Thursday, November 2, 2023

By Judy Hill

Illustrations by Sam Chivers



Across the world and in Penn’s backyard, Arts & Sciences faculty are tackling challenges that touch directly or indirectly on climate change. In Hawaii, for instance, biologist Katie Barott is studying how corals respond to heat stress, while 5,000 miles northeast in Greenland, biogeochemist Jon Hawkings is looking at the impacts of environmental stressors on glacier ecosystems. Closer to home, in Philadelphia’s Fishtown neighborhood, a team that includes researchers from the Departments of Biology and Earth and Environmental Science (EES) is using fungus-derived materials to build bio-walls and playscapes that trap carbon and pollution from the atmosphere. 

What makes the School’s climate-related work distinct is that much of it focuses on the effect on humans, says Michael Weisberg, Bess W. Heyman President’s Distinguished Professor. “Of course, we do interesting and important physical science,” he says. “But beyond that, the fact that much of our hiring and research has developed around the impacts to human societies is pretty unique.” 

That includes the efforts of climate scientist Michael Mann, who joined Penn last fall as Presidential Distinguished Professor in EES and leads the newly launched Penn Center for Science, Sustainability, and the Media (PCSSM). It also encompasses the Environmental Innovations Initiative, established in 2020 and for which archaeologist Kathleen Morrison, Sally and Alvin V. Shoemaker Professor of Anthropology, is currently the faculty lead. The Initiative fosters collaboration through interdisciplinary research and, among other projects, has worked with each Penn school to establish Academic Climate Commitments. 
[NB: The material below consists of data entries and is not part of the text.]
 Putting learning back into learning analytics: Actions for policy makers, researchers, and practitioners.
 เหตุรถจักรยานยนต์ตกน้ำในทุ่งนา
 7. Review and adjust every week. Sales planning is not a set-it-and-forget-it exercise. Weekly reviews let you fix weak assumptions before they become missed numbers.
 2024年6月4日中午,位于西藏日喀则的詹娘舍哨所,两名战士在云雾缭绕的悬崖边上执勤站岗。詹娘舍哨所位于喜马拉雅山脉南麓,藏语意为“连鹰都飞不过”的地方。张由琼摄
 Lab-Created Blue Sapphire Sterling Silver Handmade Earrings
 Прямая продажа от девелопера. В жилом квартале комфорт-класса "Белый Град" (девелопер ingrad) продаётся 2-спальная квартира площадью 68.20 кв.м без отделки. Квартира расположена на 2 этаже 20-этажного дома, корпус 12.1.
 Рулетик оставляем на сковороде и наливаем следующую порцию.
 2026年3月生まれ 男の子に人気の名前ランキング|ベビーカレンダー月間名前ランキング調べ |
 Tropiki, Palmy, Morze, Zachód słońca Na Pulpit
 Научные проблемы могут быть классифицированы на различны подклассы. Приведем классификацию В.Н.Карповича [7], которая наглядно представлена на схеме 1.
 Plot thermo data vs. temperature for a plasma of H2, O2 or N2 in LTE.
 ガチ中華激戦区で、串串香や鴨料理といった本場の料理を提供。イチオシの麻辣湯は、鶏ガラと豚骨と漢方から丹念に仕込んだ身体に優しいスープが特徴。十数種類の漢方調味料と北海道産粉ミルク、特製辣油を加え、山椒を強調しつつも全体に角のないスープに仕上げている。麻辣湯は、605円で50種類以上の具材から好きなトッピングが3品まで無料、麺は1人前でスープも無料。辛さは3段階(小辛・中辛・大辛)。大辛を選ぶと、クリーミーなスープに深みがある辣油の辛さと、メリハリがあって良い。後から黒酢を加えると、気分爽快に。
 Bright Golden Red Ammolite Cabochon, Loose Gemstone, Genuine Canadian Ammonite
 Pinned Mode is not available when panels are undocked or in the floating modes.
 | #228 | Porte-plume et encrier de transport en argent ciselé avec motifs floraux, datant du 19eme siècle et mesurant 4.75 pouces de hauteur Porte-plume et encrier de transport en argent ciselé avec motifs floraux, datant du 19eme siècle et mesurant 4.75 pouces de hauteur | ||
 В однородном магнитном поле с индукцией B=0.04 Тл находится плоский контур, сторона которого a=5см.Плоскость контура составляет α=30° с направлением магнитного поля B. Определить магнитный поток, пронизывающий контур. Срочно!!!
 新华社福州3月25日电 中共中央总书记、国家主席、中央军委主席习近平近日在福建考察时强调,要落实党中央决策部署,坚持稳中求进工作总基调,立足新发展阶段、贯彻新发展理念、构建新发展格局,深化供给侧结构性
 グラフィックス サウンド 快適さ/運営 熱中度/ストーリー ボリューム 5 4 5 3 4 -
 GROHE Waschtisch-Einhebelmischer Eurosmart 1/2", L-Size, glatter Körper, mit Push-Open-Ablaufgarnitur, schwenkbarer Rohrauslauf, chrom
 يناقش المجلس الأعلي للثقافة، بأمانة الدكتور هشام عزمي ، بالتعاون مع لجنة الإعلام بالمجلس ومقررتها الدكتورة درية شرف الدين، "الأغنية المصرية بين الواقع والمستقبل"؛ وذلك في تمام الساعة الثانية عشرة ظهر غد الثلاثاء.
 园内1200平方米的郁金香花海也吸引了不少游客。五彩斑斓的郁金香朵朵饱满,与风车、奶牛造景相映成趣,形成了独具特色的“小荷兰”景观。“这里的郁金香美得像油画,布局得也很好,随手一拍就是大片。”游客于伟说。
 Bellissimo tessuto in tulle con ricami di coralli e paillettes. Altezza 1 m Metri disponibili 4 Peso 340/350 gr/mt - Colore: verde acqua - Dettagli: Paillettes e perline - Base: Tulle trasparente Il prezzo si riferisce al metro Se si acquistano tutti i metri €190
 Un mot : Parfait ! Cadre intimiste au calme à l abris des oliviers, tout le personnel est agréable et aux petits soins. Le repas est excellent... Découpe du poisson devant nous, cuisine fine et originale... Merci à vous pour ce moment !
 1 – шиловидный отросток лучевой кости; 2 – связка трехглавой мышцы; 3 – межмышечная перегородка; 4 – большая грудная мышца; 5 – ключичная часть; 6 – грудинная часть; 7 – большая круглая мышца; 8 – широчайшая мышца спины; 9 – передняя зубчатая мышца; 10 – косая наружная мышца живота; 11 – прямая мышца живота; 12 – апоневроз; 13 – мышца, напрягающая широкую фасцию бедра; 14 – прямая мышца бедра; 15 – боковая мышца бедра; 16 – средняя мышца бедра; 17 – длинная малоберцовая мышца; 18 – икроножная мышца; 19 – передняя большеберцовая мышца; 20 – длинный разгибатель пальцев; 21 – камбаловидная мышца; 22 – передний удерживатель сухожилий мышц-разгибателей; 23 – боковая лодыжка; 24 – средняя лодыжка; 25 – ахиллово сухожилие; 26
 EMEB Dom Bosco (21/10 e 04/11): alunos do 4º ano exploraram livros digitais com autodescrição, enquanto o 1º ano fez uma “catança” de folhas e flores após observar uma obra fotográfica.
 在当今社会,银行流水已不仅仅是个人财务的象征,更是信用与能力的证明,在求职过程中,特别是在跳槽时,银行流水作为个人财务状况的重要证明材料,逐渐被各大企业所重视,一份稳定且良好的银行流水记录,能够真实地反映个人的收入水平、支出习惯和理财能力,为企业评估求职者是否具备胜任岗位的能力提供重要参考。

On the heels of a summer marked by unprecedented flooding and sweltering heat, with ocean temperatures swelling to unheard of heights—reaching 101 degrees Fahrenheit off the coast of Florida in late July—this work is more pressing than ever. Penn Arts & Sciences faculty are collaborating, often across disciplines, to advance knowledge about the global crisis and develop solutions. They all agree the problem is real and present, but amid the challenges and seemingly intractable hurdles, they see pockets of hope.



 

‘Urgency and Agency’


Michael Mann, Presidential Distinguished Professor in Earth and Environmental Science



Michael Mann has been at the center of the fractious debate over human-caused climate change since at least 1998. That’s when he and his colleagues at Penn State—where he taught before coming to the University of Pennsylvania—published the now-famous “hockey stick” graph that plotted the Earth’s temperature for the past millennium and showed how dramatically it had risen in the 20th century. On the receiving end of countless attacks by climate deniers, Mann didn’t shy away from the controversy but instead embraced the role of climate science communicator. 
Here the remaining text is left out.